"""
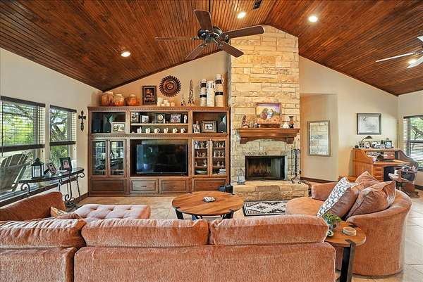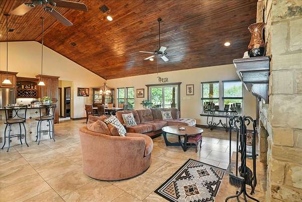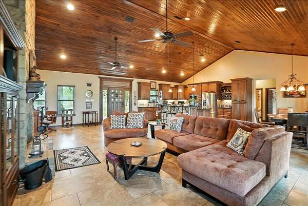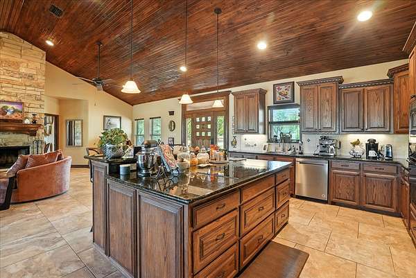 Inside, the heart of the home is an open concept living area designed for gatherings. The chef's kitchen features granite countertops, stainless steel appliances, a large island with built-in cooktop, and abundant counter space for meal prep or casual entertaining. The kitchen flows seamlessly into the spacious living room, where a floor-to-ceiling rock wood-burning fireplace serves as a stunning focal point. To one side of the fireplace, a custom built-in bookshelf adds both character and functionality.
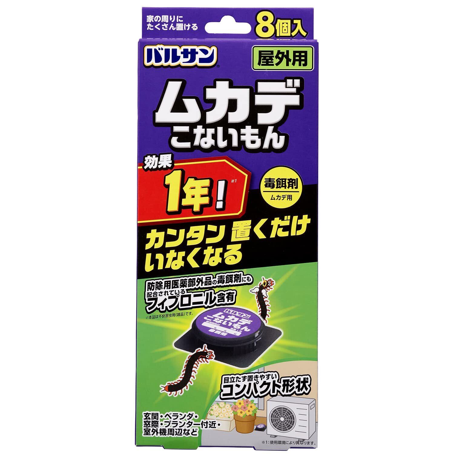 【人気商品】バルサン ムカデ こないもん 屋外用 毒餌剤 ムカデ,ムカデ・ワラジムシ・ダンゴムシ・アリ用 8個入 (効果1年) かんたん 置くだけ いなくなる
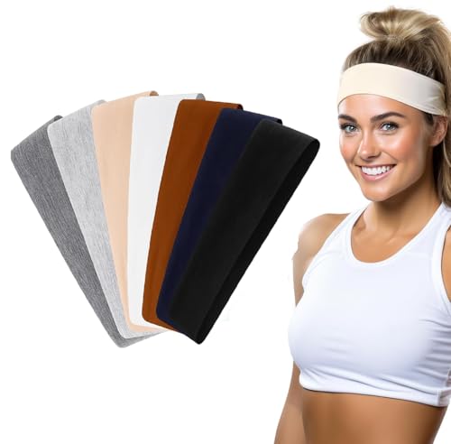 Lotnery 7 Pcs Wide Headbands for Women's Hair, Soft Elastic Head Bands for Adult Women & Men, Yoga Gym Sports Headband, Sweat Absorbing Non-Slip Hair Accessories Multicoloured
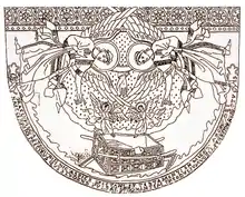 Il représente l'arche d'alliance entourée des deux anges d'or qui, selon la Bible, entourent le propitiatoire et il ajoute encore deux autres anges, images « réelles » cette fois, comme s'il s'agissait d'entourer la Vierge Marie et son divin fils.
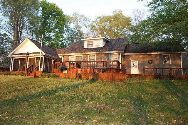 Your own private park! 4.96 acres. Driveway ends at this property. Surrounded by mature trees except for the fantastic view of Dale Hollow Lake. Privacy, peace and quiet. Home has living room with brick fireplace(gas logs) 3 bedrooms, 2 baths with showers, a bright, cheery sunroom, decks galore, attached garage and a partial bsement. Neat storage shed for mowers, etc. Concrete parking area and nice landscaping. This waiting on you so make an appointment to see!
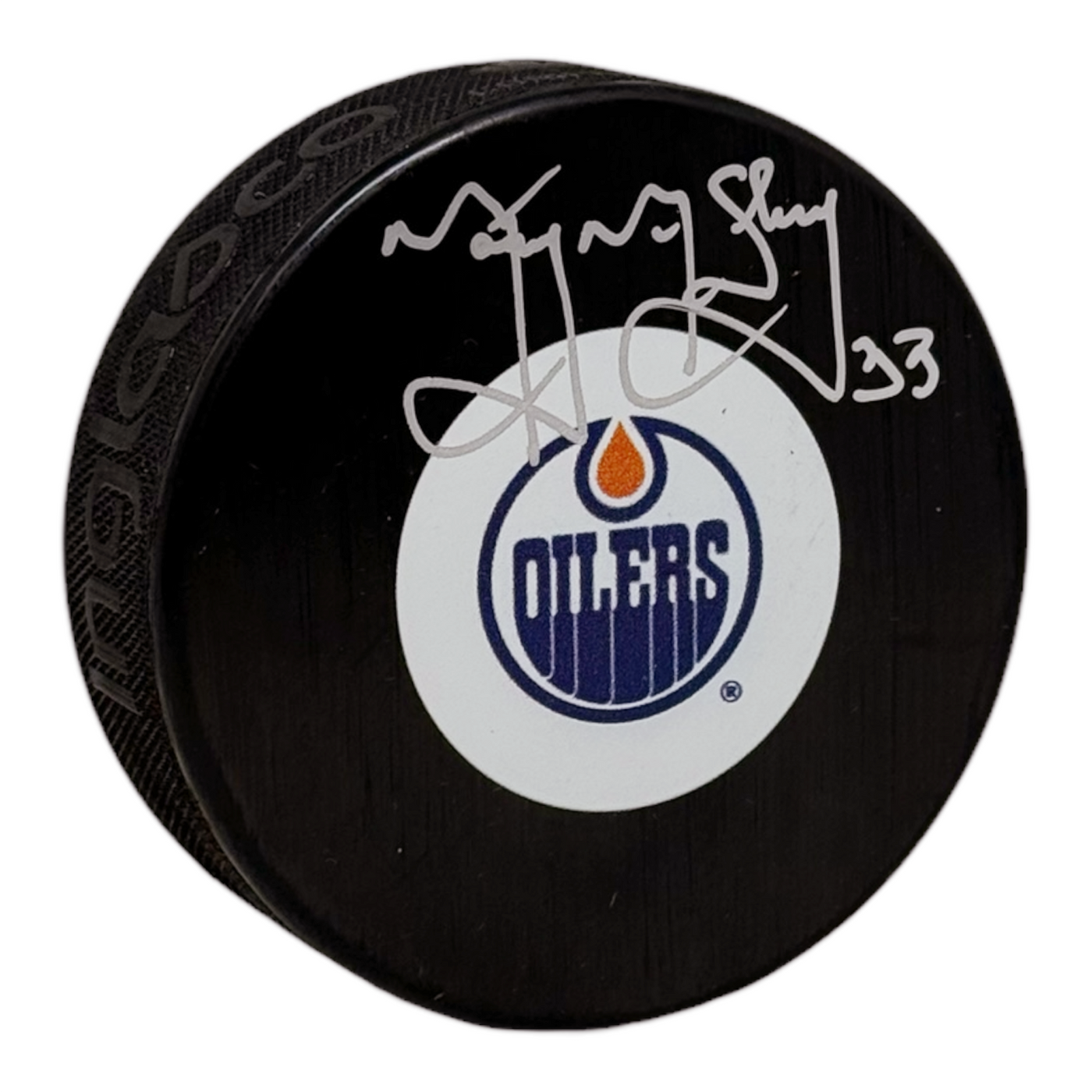 Marty McSorley Signed Edmonton Oilers Puck Medium Size Logo
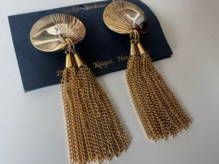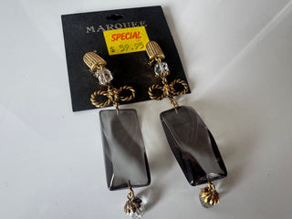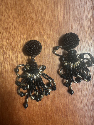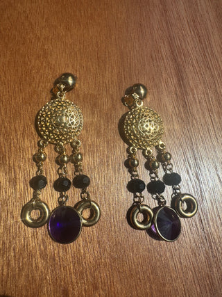 Vintage Clip On Dangly Earrings, Gold with Black faceted beads and purple glass
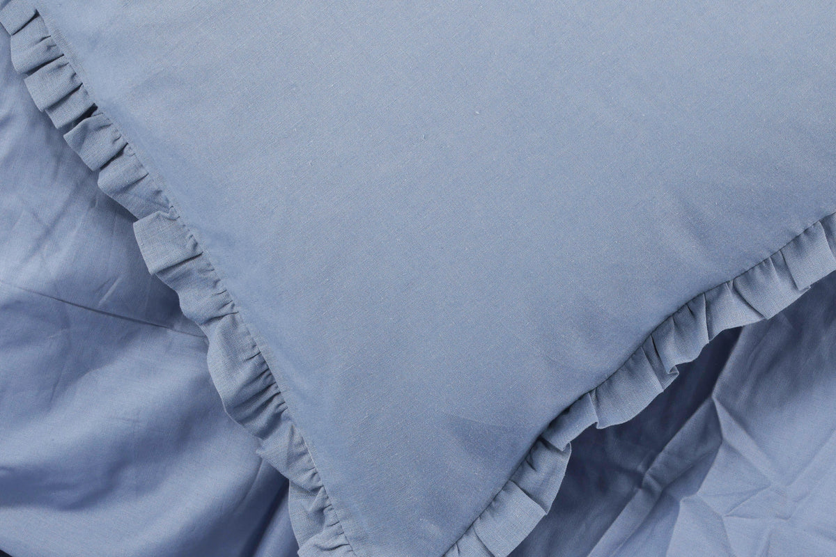 Bädda din säng charmigt med ett smickrade påslakanset från serien Lias! Det här mjuka bäddsetet i bommullsväv och linne har en smakfull blå kulör och försluts med knappar nertill. Tyget har en vacker volangkant runt alla kanter som bidrar till det mysiga blickfånget.
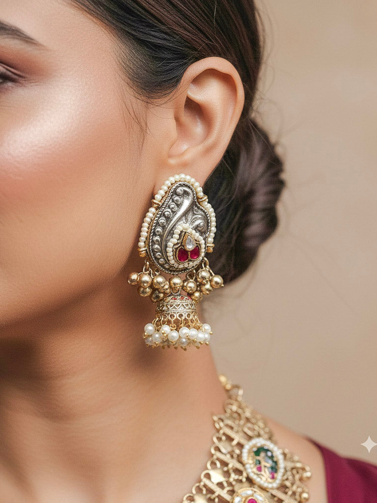 • Material : Brass, Pachi Kundan, Silver Balls, Pearls, Doublet Stones, Tumble Stone, Meenakari, Ghungroo.
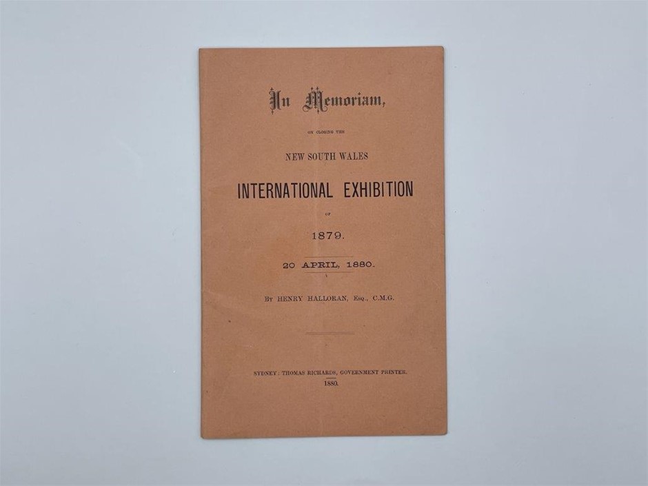 • 1 x In Memoriam, on closing the New South Wales International Exhibition of 1879, 20 April 1880, by Henry Halloran, Esq., C.M.G., soft cover booklet, 8pp, an original print by Thomas Richards, Government Printer, Sydney . Foxing, otherwise fine and rare.
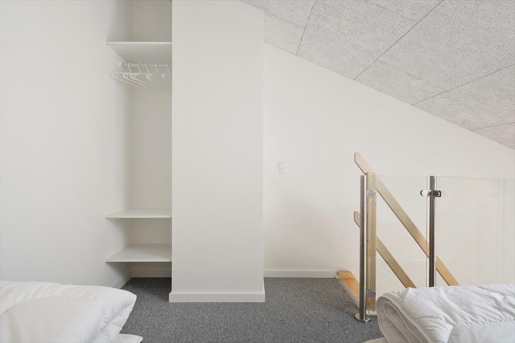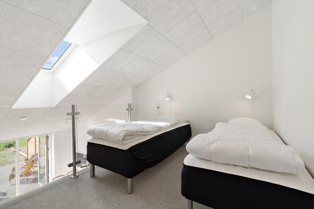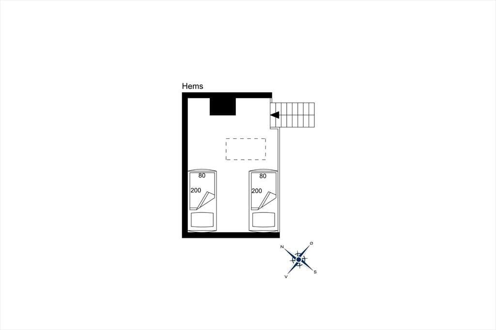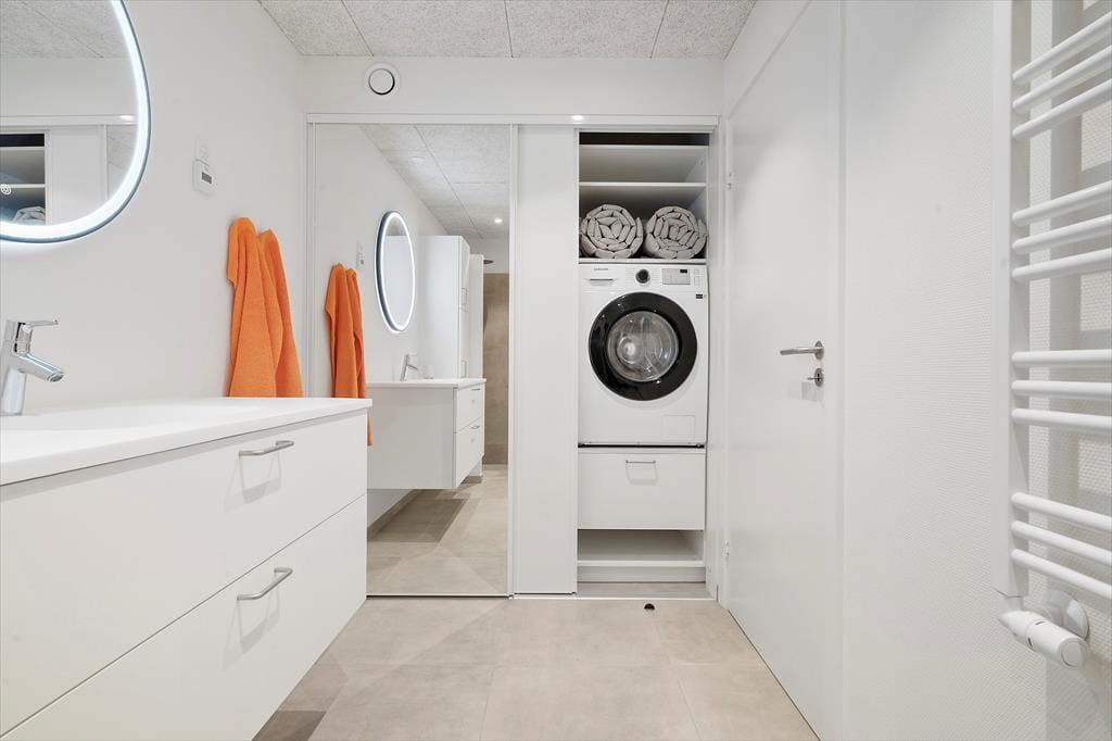 Rummeligt køkken/alrum med nye møbler og bl.a. sovesofa, der kan benyttes som alternativ til sengene på hemsen. Stort badeværelse med brusekabine, mange skabe og skuffer samt kombineret vaskemaskine/tørretumbler. Den store hems, der har fuld ståhøjde overalt, giver rigtig god rumfornemmelse og er meget anvendelig med to senge, der kan stilles sammen eller hver for sig.
"""
## Exercise requirements
Take each line from the records and copy it unchanged, leaving images out.

## Result
 Inside, the heart of the home is an open concept living area designed for gatherings. The chef's kitchen features granite countertops, stainless steel appliances, a large island with built-in cooktop, and abundant counter space for meal prep or casual entertaining. The kitchen flows seamlessly into the spacious living room, where a floor-to-ceiling rock wood-burning fireplace serves as a stunning focal point. To one side of the fireplace, a custom built-in bookshelf adds both character and functionality.
 【人気商品】バルサン ムカデ こないもん 屋外用 毒餌剤 ムカデ,ムカデ・ワラジムシ・ダンゴムシ・アリ用 8個入 (効果1年) かんたん 置くだけ いなくなる
 Lotnery 7 Pcs Wide Headbands for Women's Hair, Soft Elastic Head Bands for Adult Women & Men, Yoga Gym Sports Headband, Sweat Absorbing Non-Slip Hair Accessories Multicoloured
 Il représente l'arche d'alliance entourée des deux anges d'or qui, selon la Bible, entourent le propitiatoire et il ajoute encore deux autres anges, images « réelles » cette fois, comme s'il s'agissait d'entourer la Vierge Marie et son divin fils.
 Your own private park! 4.96 acres. Driveway ends at this property. Surrounded by mature trees except for the fantastic view of Dale Hollow Lake. Privacy, peace and quiet. Home has living room with brick fireplace(gas logs) 3 bedrooms, 2 baths with showers, a bright, cheery sunroom, decks galore, attached garage and a partial bsement. Neat storage shed for mowers, etc. Concrete parking area and nice landscaping. This waiting on you so make an appointment to see!
 Marty McSorley Signed Edmonton Oilers Puck Medium Size Logo
 Vintage Clip On Dangly Earrings, Gold with Black faceted beads and purple glass
 Bädda din säng charmigt med ett smickrade påslakanset från serien Lias! Det här mjuka bäddsetet i bommullsväv och linne har en smakfull blå kulör och försluts med knappar nertill. Tyget har en vacker volangkant runt alla kanter som bidrar till det mysiga blickfånget.
 • Material : Brass, Pachi Kundan, Silver Balls, Pearls, Doublet Stones, Tumble Stone, Meenakari, Ghungroo.
 • 1 x In Memoriam, on closing the New South Wales International Exhibition of 1879, 20 April 1880, by Henry Halloran, Esq., C.M.G., soft cover booklet, 8pp, an original print by Thomas Richards, Government Printer, Sydney . Foxing, otherwise fine and rare.
 Rummeligt køkken/alrum med nye møbler og bl.a. sovesofa, der kan benyttes som alternativ til sengene på hemsen. Stort badeværelse med brusekabine, mange skabe og skuffer samt kombineret vaskemaskine/tørretumbler. Den store hems, der har fuld ståhøjde overalt, giver rigtig god rumfornemmelse og er meget anvendelig med to senge, der kan stilles sammen eller hver for sig.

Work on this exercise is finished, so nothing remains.